Introduction/background: Artificial intelligence (AI) tools such as ChatGPT-4o are increasingly being explored in education. This study examined the potential of ChatGPT-4o to support reflective practice in medical radiation science (MRS) education. The focus was on the quality of AI-generated reflections in terms of alignment with professional standards, depth, clarity, and practical relevance.

Methods: Four clinical scenarios representing third-year diagnostic radiography placements were used as prompts. ChatGPT-4o generated reflective responses, which were assessed by three reviewers. Reflections were evaluated against the Medical Radiation Practice Board of Australia's professional capability domains and the National Safety and Quality Health Service Standards. Review criteria included clarity, depth, authenticity, and practical relevance. Inter-rater reliability was analysed using intraclass correlation coefficients (ICC) and the Friedman test.

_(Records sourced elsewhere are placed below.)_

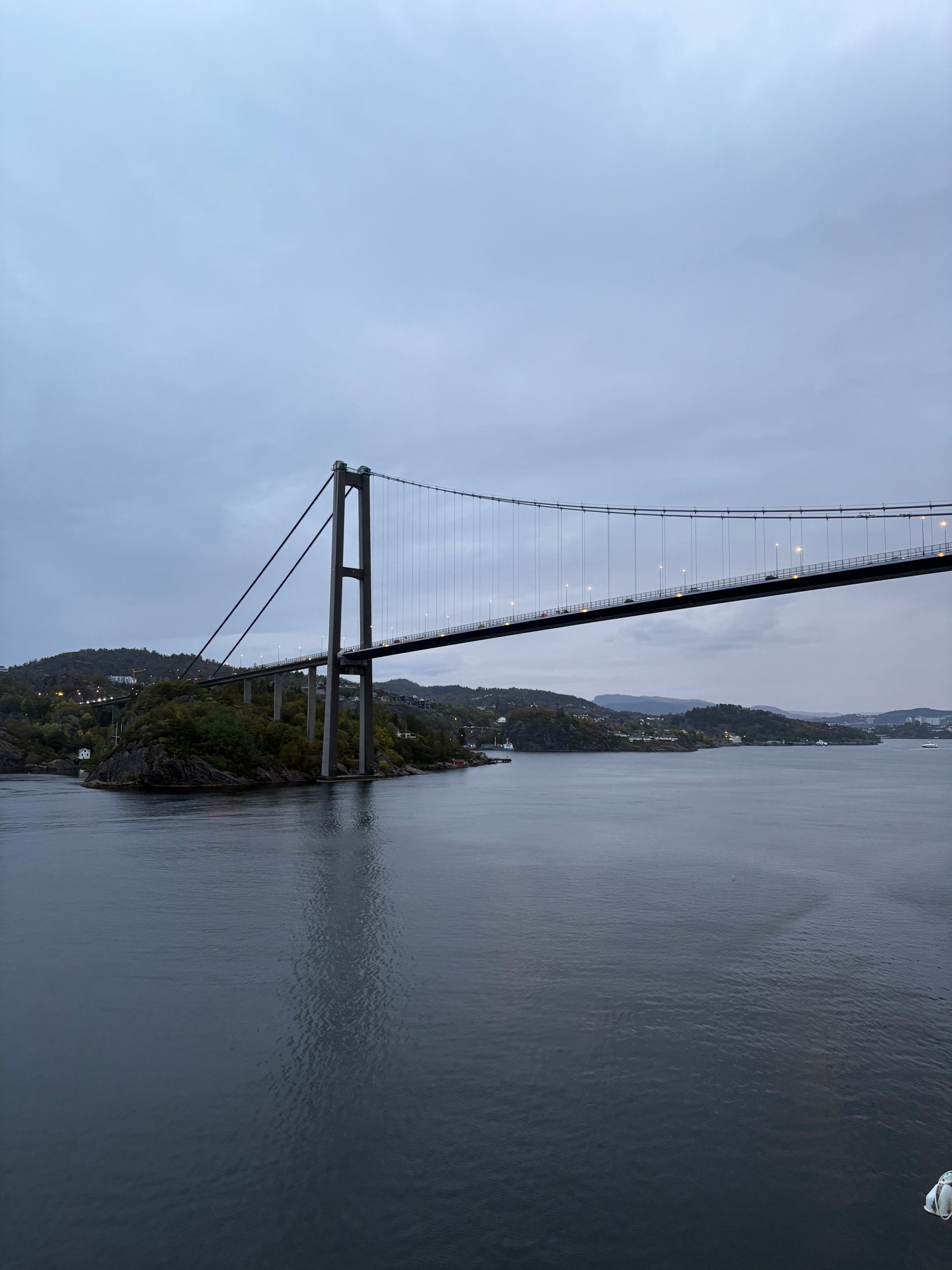Wie der Kapitän in seiner Abendansprache mitteilte, werden wir „kurz vor 8 Uhr“ in Bergen unter der Brücke von Bergen einlaufen. Also habe ich mir den Wecker auf 7:25 Uhr gestellt, setzte mich sogleich auf den Balkon und habe die Einfahrt in den Hafen genossen. Elisa blieb im Bettchen. Schön anzusehen war’s (die Einfahrt, aber Elisa beim Schlafen zuzusehen natürlich auch😁).
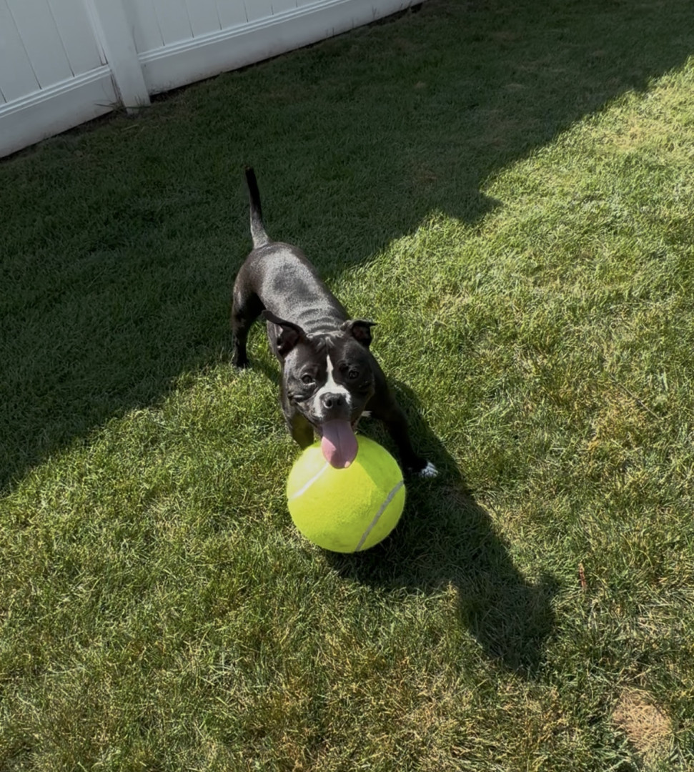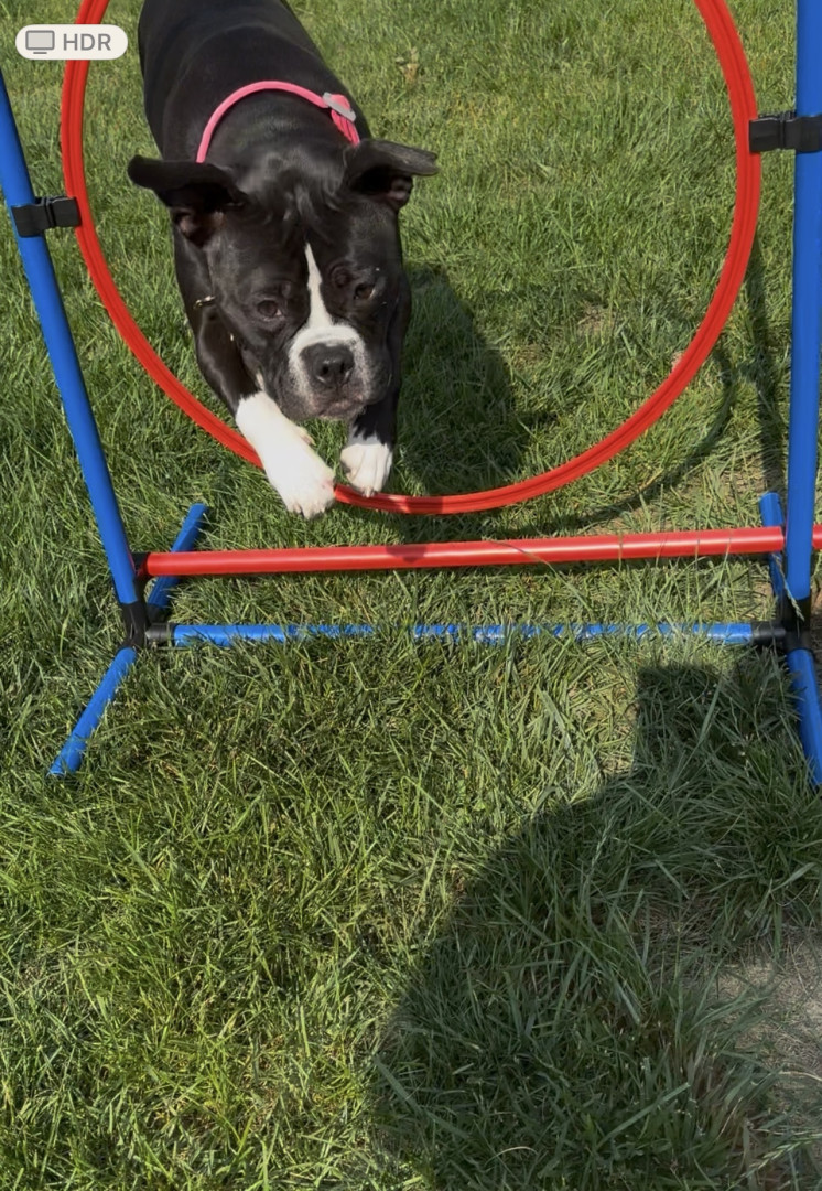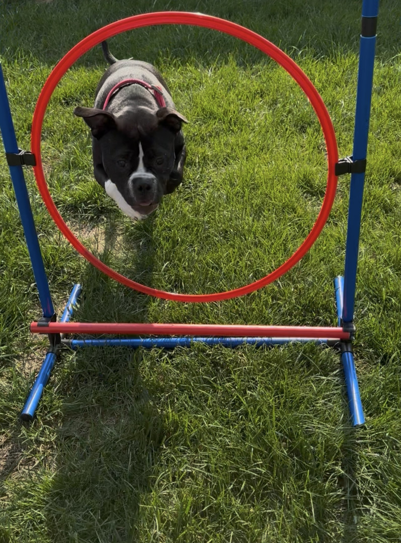 Stella is a ball of endless, fun energy. Regardless of the day or time, she is always up to play and eager to please. She can jump extremely high and literally through hoops.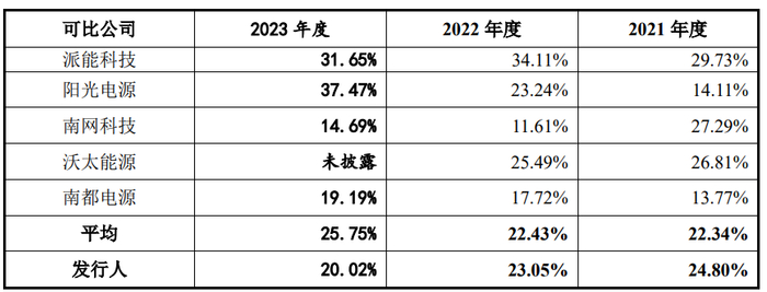 然而,海博思创的毛利水平,却与井喷式增长的收入规模不尽相同。2021年、2022年和2023年(即“报告期”),在收入实现超10倍增长的情况下,该公司储能系统业务的毛利率分别为24.80%、23.05%和20.02%,呈持续下滑趋势。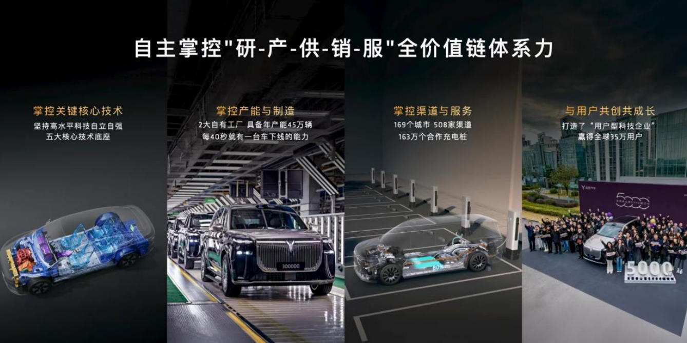 先看销量与体系底气:2026 年一季度岚图交付33892 辆,同比增30%;手握6102 件专利,两座国家级工厂年产能45 万辆,40 秒下线一台车;渠道覆盖169 城 508 家网点,合作充电桩163 万个,服务超35 万用户,真正实现研 — 产 — 供 — 销 — 服全价值链自主掌控,也是央国企高端新能源第一股。
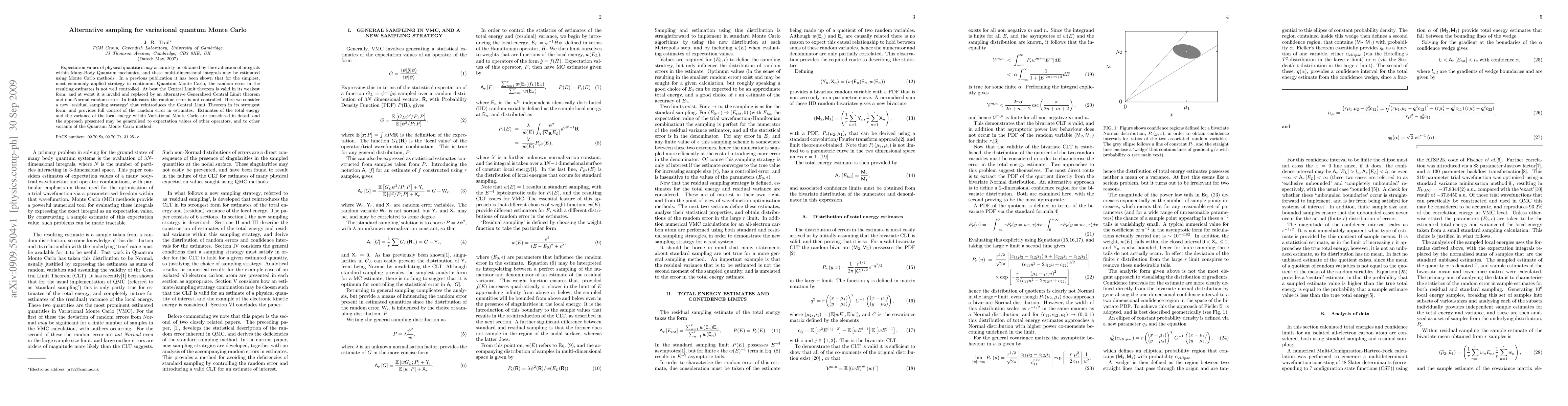 This paper proposes a new "residual sampling strategy" to improve the control of random error in variational quantum Monte Carlo methods, reinstating the Central Limit Theorem in its strongest form and ensuring accurate estimation of physical quantities. The method is demonstrated for total energy and local energy variance, with potential for broader application to other operators and quantum Monte Carlo variants.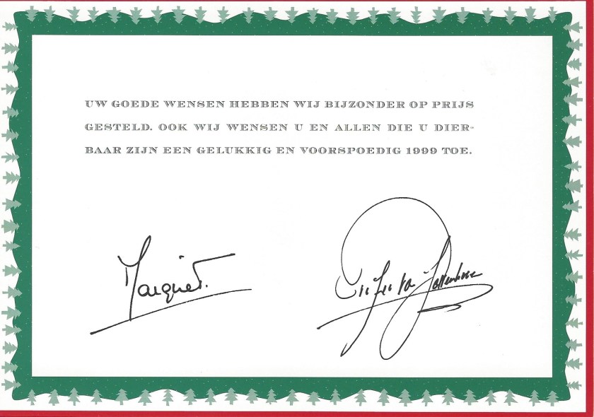 Royal response from Her Royal Highness Princess Margriet of the Netherlands and Peter van Vollenhoven Jr. on the occasion of Christmas 1998 and the New Year 1999.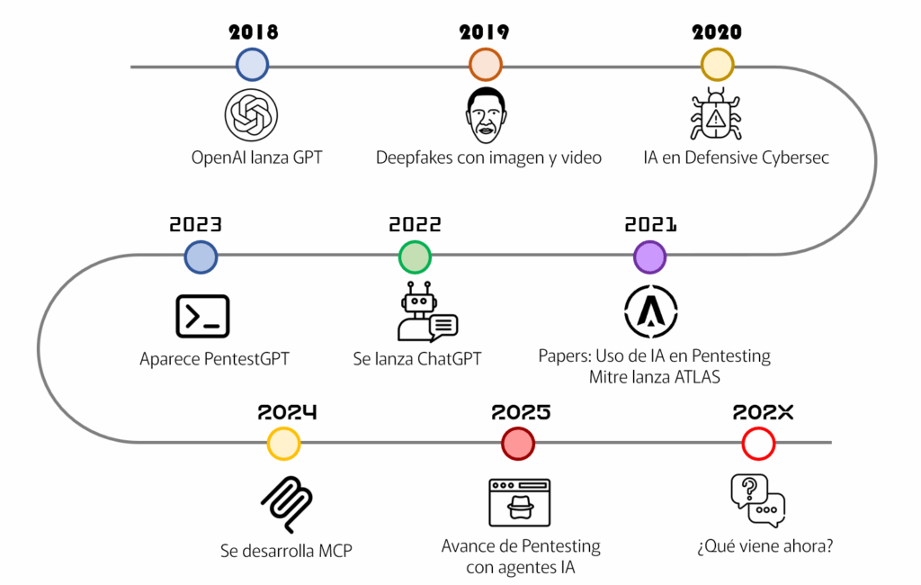 Antes de entrar al mundo de los agentes, es importante contextualizar como han venido convergiendo en los últimos años el mundo de la seguridad ofensiva con el auge de la inteligencia artificial (como la conocemos hoy)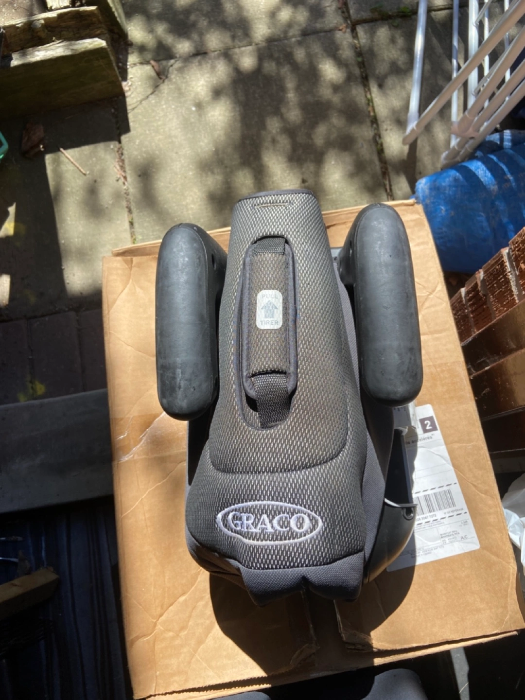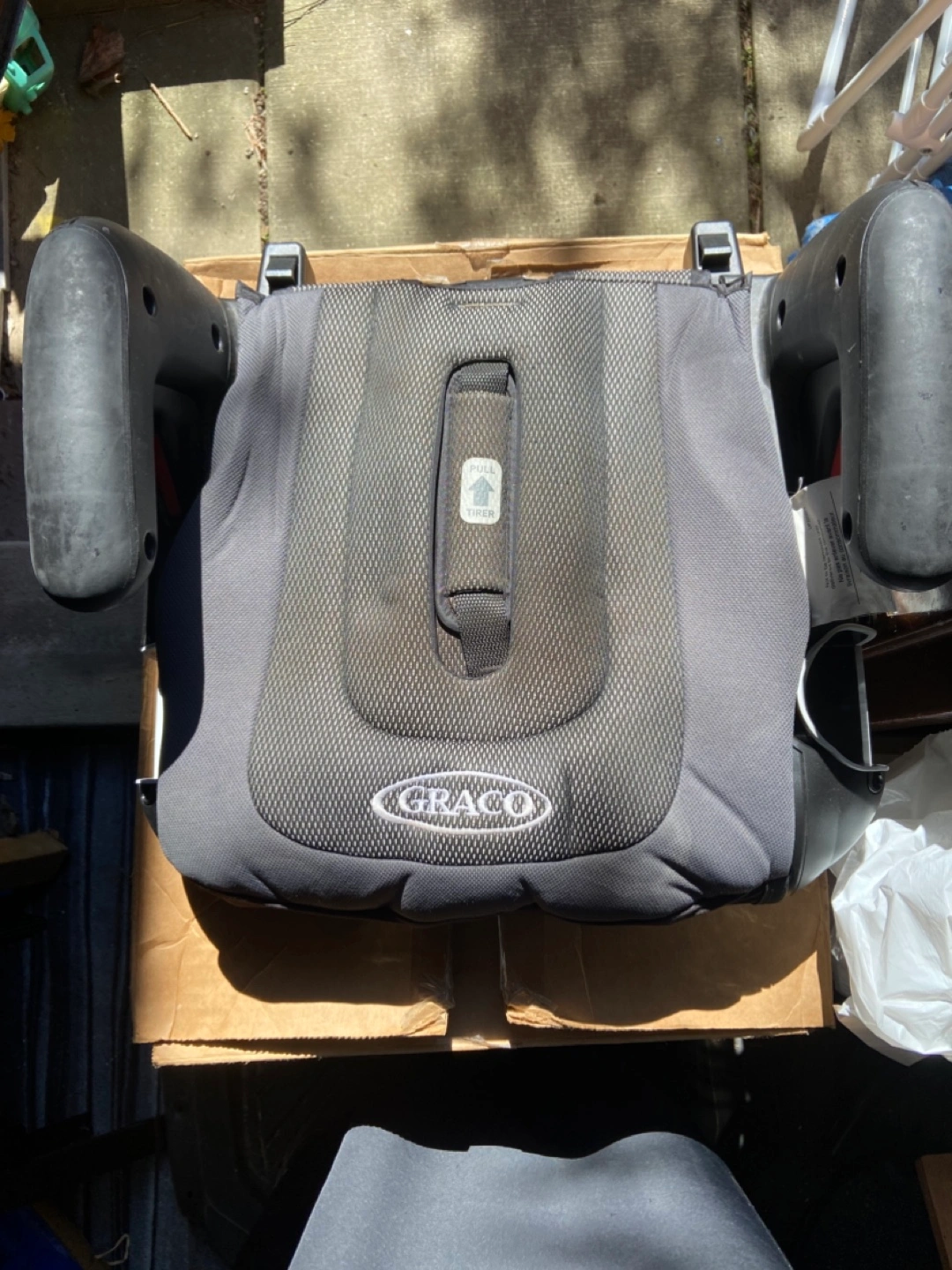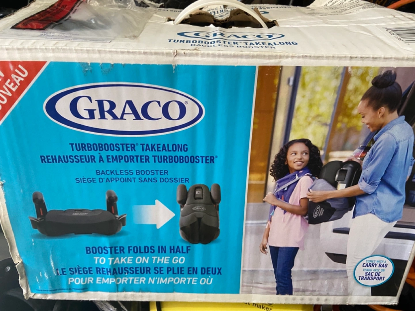 Used Graco Turbobooster Takeaalong backless booster seat. Folds in half for easy storage. Shows some wear. Washable cover need to be clean because of the storage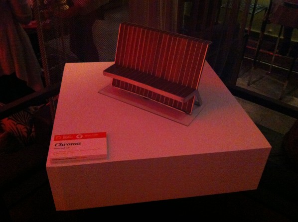 Throughout the W’s bar and lounge, Design Museum Boston displayed four models of benches that are currently installed in Boston’s Fort Point Channel. Ranging from ultra modern, sleek designs to rough, rustic wood, these benches are a far cry from their graffitied brethren on Commonwealth Avenue. My personal favorite, Strataform, curves up from the ground until it hangs over the grass as though it has just sprouted from the earth itself.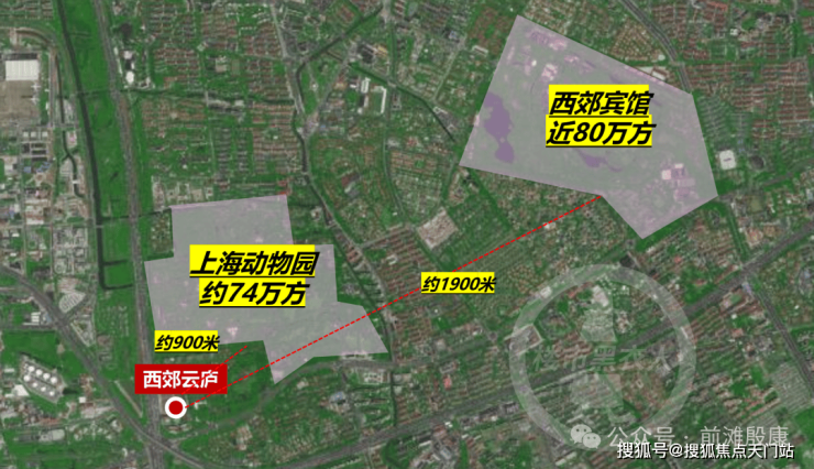 在卫星图上看得清楚,「西郊云庐」周围的整体绿化覆盖率相当高。两个大公园体量合计就有约154万㎡,已经超过上海市区TOP1的世纪公园。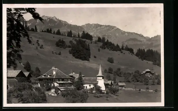 AK Diemtigen, Ortspartie mit Kirche und Bergen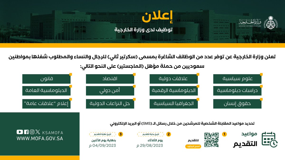 اعلنت وزارة الخارجية عن توفر عدد من الوظائف الشاغرة بمسمى “سكرتير ثاني” للرجال والنساء والمطلوب شغلها بمواطنين سعوديين من حملة مؤهل “الماجستير”، وذلك وفقاً للتفاصيل الموضحة أدناه.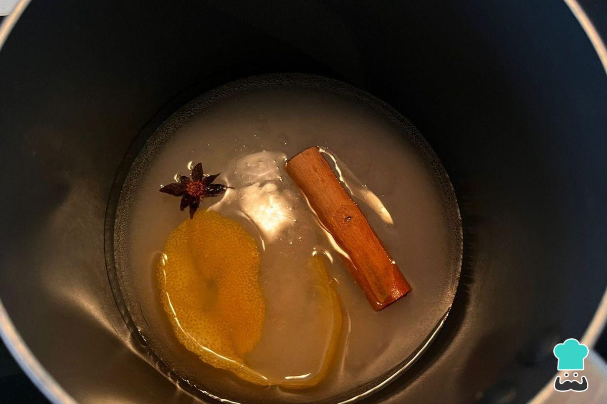 En una olla añade el agua, azúcar, canela, cáscara de limón y anís estrellado a gusto. Añade también el jugo de un limón.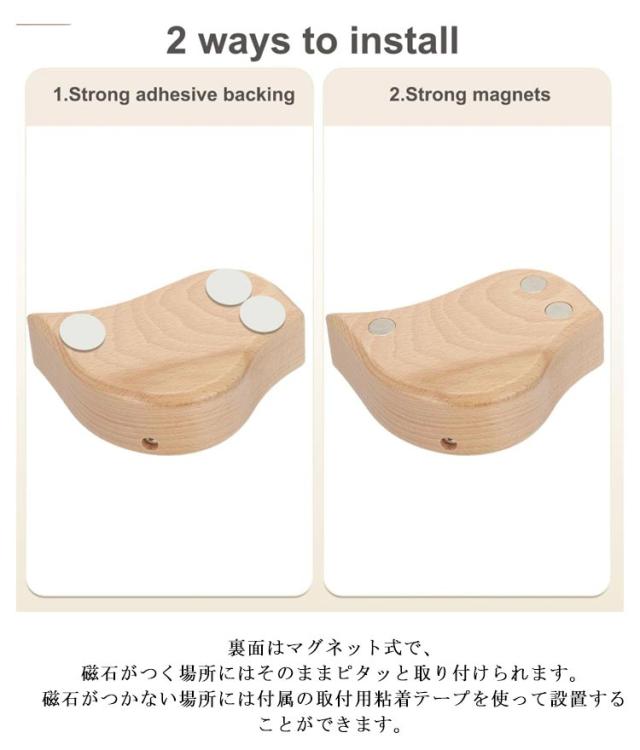| 木目がオシャレな天然木のドアベル! 和洋を問わず、玄関の雰囲気を壊さずさりげなく馴染むシンプルなデザイン。 玄関ドアやお部屋のドア、収納棚の扉、冷蔵庫のドア、お店の出入り口のドアなど、設置場所は色々! 裏面はマグネット式で、がつく場所にはそのままピタッと取り付けられます。 がつかない場所には付属の取付用粘着テープを使って設置することができます。 | |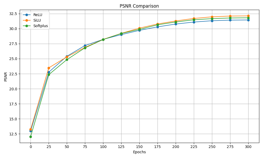 To understand the differences that the activation function makes, we tried to train the model on the “Big Bunny Dataset” with the same hyperparameters as in the reproduction section but for a shortened time, 300 epochs, changing the activation functions. We tried ReLU, SiLU and softplus.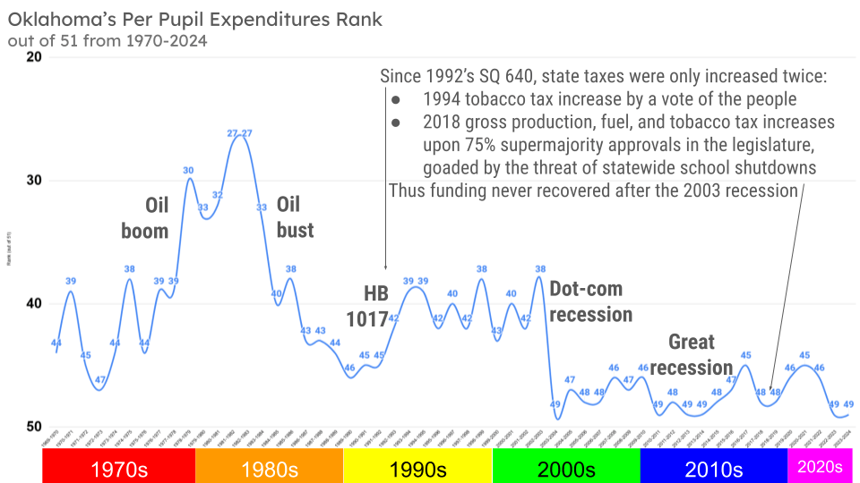 When I was an elementary school student in the 1970s, the state’s per pupil spending oscillated, but averaged about 42nd out of 51. The late 1970s and early 1980s oil boom allowed that to balloon to about 30th when I was in junior high and high school. However, the oil bust in the mid-1980s led to a dramatic drop while I was in college. Our spending dropped from 33rd in 1983 to 46th by 1989 when I started teaching in Bartlesville. That huge drop is what propelled the House Bill 1017 education reform law and its tax increases.

Results: Scenario 3 achieved the highest inter-rater reliability (ICC: moderate to excellent; p = 0.022). Scenario 2 showed the lowest reliability (ICC: poor to fair; p = 0.060). Reflections were consistently well-structured and clear, but often lacked emotional depth, contextual awareness, and person-centered insights. Qualitative feedback identified limitations in empathetic reflection and critical self-awareness.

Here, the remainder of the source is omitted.